О последующей судьбе брошюры профессора тоже стоит здесь рассказать. До конца повинуясь отцу, Софи вместе с Казиком распространяла ее в университетских аудиториях и коридорах, но это обернулось полнейшим провалом. Во-первых, преподаватели университета, как и все в Кракове, были слишком поглощены страхом перед близящейся войной, до которой тогда оставалось лишь несколько месяцев, и потому не слишком заинтересовались призывом Беганьского. Перед ними начинал разверзаться ад. Немцы требовали присоединения Гданьска, упирая на необходимость «коридора»; пока Невилл Чемберлен продолжал колебаться, «гунны» уже бряцали оружием на Западе, сотрясая хлипкие ворота Польши. Древние, мощенные брусчаткой улицы Кракова ежедневно наполнял гул еле сдерживаемой паники. До хитроумной ли полемики, затеянной профессором, было в таких обстоятельствах даже самым отъявленным расистам в университете? Воздух слишком был насыщен бедой, чтобы кто-то мог попасться на такой потерявший товарный вид крючок, как расправа над евреями.
В то время вся Польша чувствовала себя на грани расправы. Более того, профессор серьезно просчитался: его высказывания были настолько несозвучны духу времени, что возникало сомнение в его здравомыслии. И дело не только в том, что он выдвинул этот подлый тезис о Vernichtung – а даже у наиболее ограниченных в своем миропонимании преподавателей не хватило бы духу проводить в жизнь такой принцип, в какой бы Свифтовой, едко-издевательской манере он ни был преподнесен, – но в том, что преклонение перед Третьим рейхом и увлечение профессора пангерманизмом сделало его слепым и глухим к вспыхнувшему в его коллегах нутряному патриотизму. Софи в какой-то момент поняла, что, случись это всего на несколько лет раньше, когда в Польше возродились фашистские настроения, ее отец мог бы обратить кое-кого в свою веру; сейчас же, когда вермахт грозно нацелился на восток, когда тевтоны орали, требуя Гданьск, когда они то и дело провоцировали инциденты на границе, только величайший глупец способен был задать вопрос, может ли национал-социализм дать ответ для решения той или иной проблемы, – на повестке дня стояло уничтожение Польши! И хотя в разраставшемся хаосе ни сам профессор, ни его брошюра не привлекли к себе внимания, тем не менее ему дважды неожиданно крепко досталось. Двое молодых студентов-выпускников, резервисты польской армии, избили его в университетском вестибюле и даже сломали ему палец, а однажды вечером Софи услышала в столовой звон разбитого стекла: в окно влетел здоровенный булыжник с намалеванной на нем черной паучьей свастикой.

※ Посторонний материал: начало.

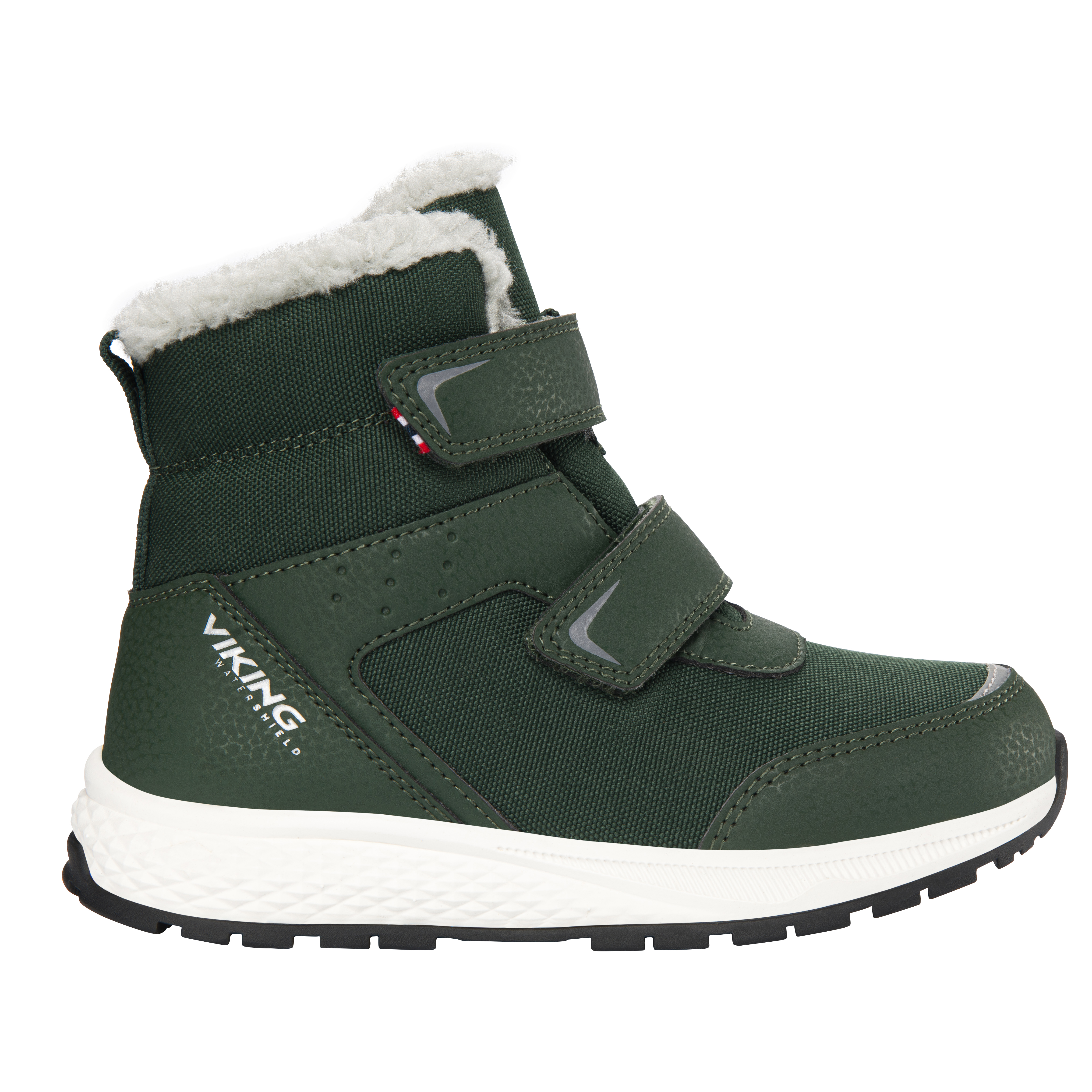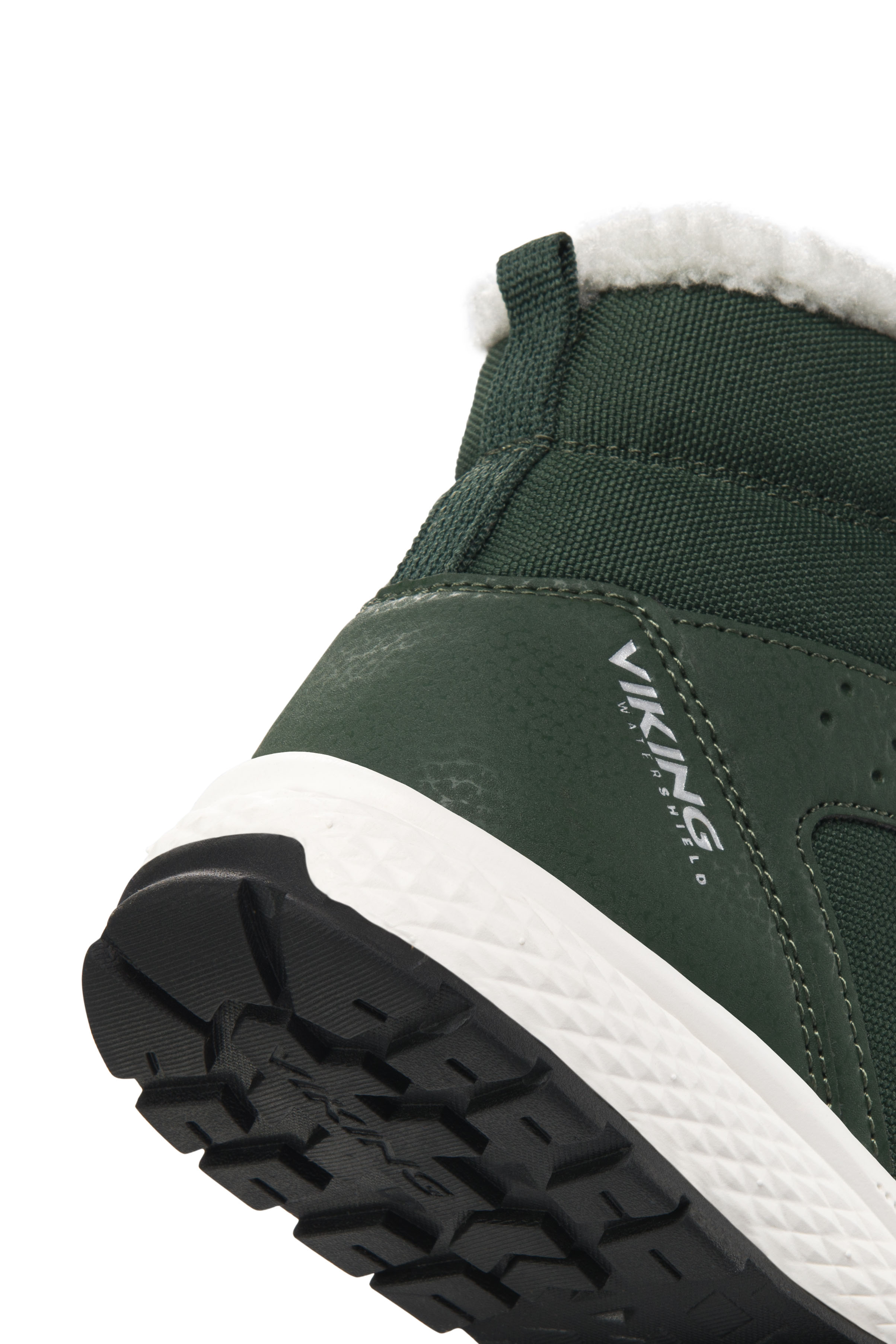 Der Equip Mid WP 2V begleitet Kinder zuverlässig durch jeden Tag voller Entdeckungen. Der stabile, mittelhohe Bootie schützt mit strapazierfähiger Verstärkung vor Schmutz und Nässe und bietet einen schützenden Stützrahmen. Zwei Klettverschlüsse sorgen für kinderleichtes An- und Ausziehen sowie eine optimale Anpassung. Die Vikings Watershield-Membran hält die Füße trocken, während eine warme Isolierschicht die Kälte fernhält. Die leichte EVA-Zwischensohle dämpft jeden Schritt, und die Vollgummi-Laufsohle sorgt für sicheren Grip auf rutschigen Untergründen.
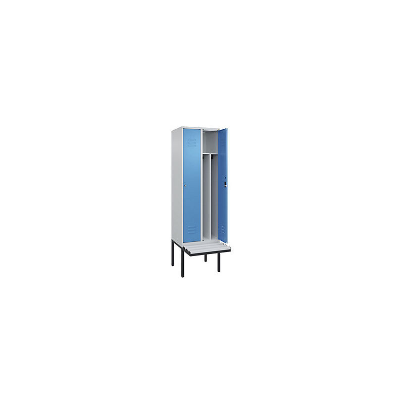Armadietto Classic PLUS con panca, 2 scomparti, tramezza centrale, grigio chiaro / blu chiaro, largh. 600 mm, serratura a cilindro, panca sporgente, plastica. Fornitura = montato. Altezza = 2120 mm. Larghezza = 600 mm. Profondità = 815 mm. Colore corpo = grigio chiaro RAL 7035. Colore porta = blu chiaro RAL 5012. Serratura = serratura a cilindro. Numero scomparti in larghezza = 2 pz. Materiale = acciaio. Larghezza scomparti = 300 mm. Dotazione interna = 2 aste appendiabiti con 2 ganci e 1 ripiano per scomparto. Altezza sedile = 450 mm. Profondità sedile = 310 mm. Altezza zoccolo = 420 mm. Altezza armadio = 1175 mm. Versione = con panca. Serie = CLASSIC PLUS. Altezza interna = 1637 mm. Separazione compatta e salvaspazio di abbigliamento privato e da lavoro. Ideali per l'industria e la produzione, laboratori, il settore della ristorazione e sanitario. Possibilità di regolazione per la messa in piano su superfici irregolari. Frontali con fessure di areazione per una ventilazione ancora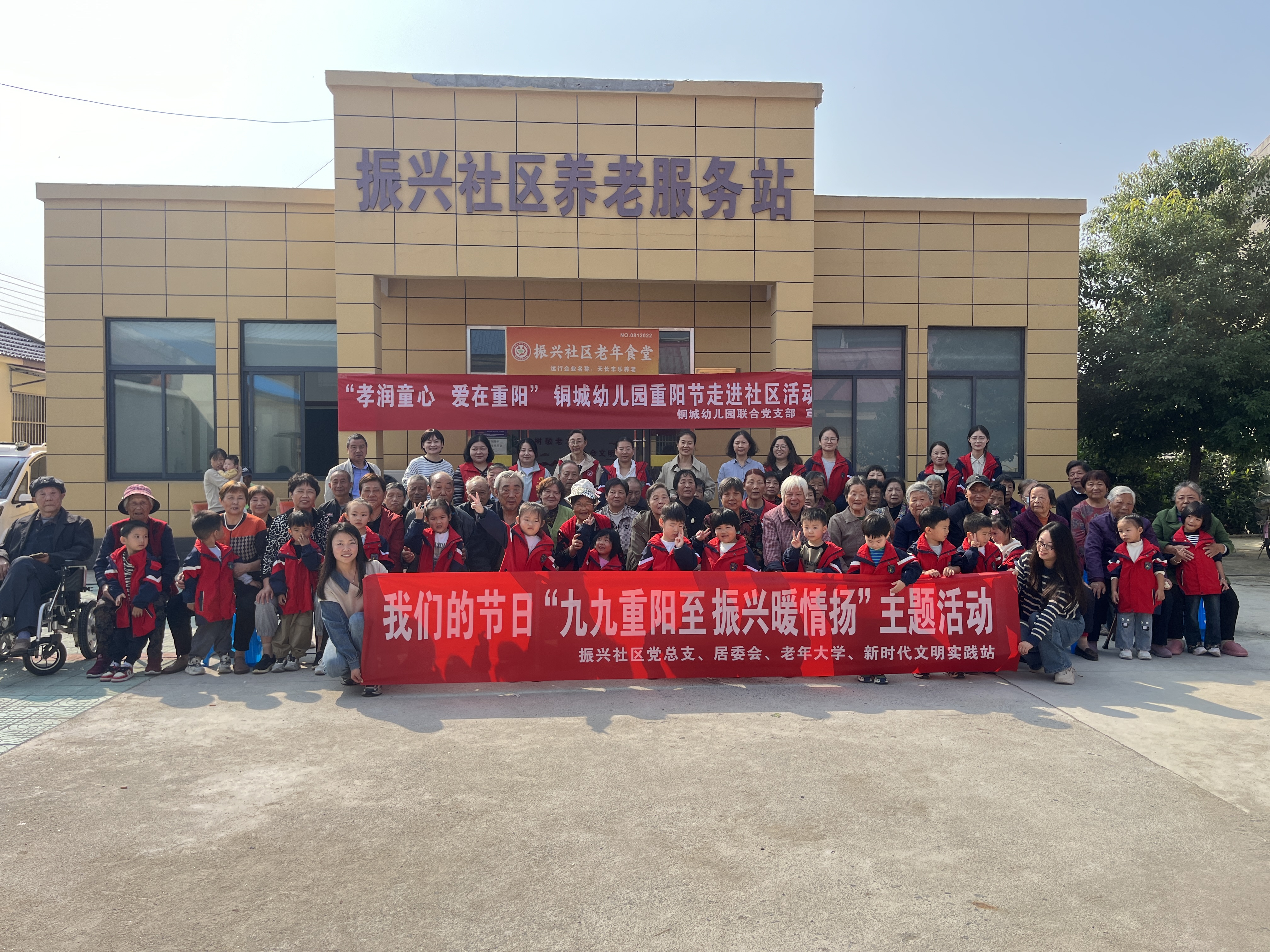 為大力弘揚(yáng)中華民族尊老、敬老、愛老、助老的傳統(tǒng)美德,豐富老年人精神文化生活,提升社區(qū)居民的歸屬感和幸福感。10月11日上午,振興社區(qū)聯(lián)合銅城幼兒園開展“孝潤童心愛在重陽”系列活動(dòng),銅城鎮(zhèn)婦聯(lián)胡主席、新時(shí)代文明實(shí)踐站孫主任、民政辦王主任以及振興社區(qū)70歲以上老人等共同參加了此次活動(dòng)。

Однако профессор, будучи патриотом, едва ли заслуживал такого отношения, и уж по крайней мере одно можно сказать в его защиту. Он не создавал своей проповеди (и Софи сказала, что она в этом убеждена) с намерением снискать расположение нацистов. Эссе было написано с точки зрения представителя польской культуры, и, кроме того, профессор в собственных глазах был человеком слишком принципиальным, слишком преданным высоким философским истинам, а потому ему и в голову не могло прийти, что он со временем может использовать эту брошюру для своего продвижения, не говоря уже о том, чтобы спасти себе жизнь. (Соображения, связанные с близившимся конфликтом, помешали появлению эссе в какой-либо форме в Германии.) Не был профессор Беганьский и настоящим квислингом, коллаборационистом в ныне принятом значении этого слова, хотя, когда его страна была оккупирована в сентябре и Краков, по сути дела, совсем не пострадавший, стал местопребыванием всепольского правительства, профессор, вовсе не намереваясь предавать свою родину, попытался предложить свои услуги генерал-губернатору и другу Гитлера Хансу Франку (еврею, mirabile dictu, – хотя лишь немногие, включая профессора, знали об этом, – и притом столь же известному юристу, как и он сам), правда, лишь в качестве советника и эксперта в области, где у поляков и немцев был общий враг и общий интерес – в Judenfrage[199]. Профессором тут, несомненно, руководил даже известный идеализм.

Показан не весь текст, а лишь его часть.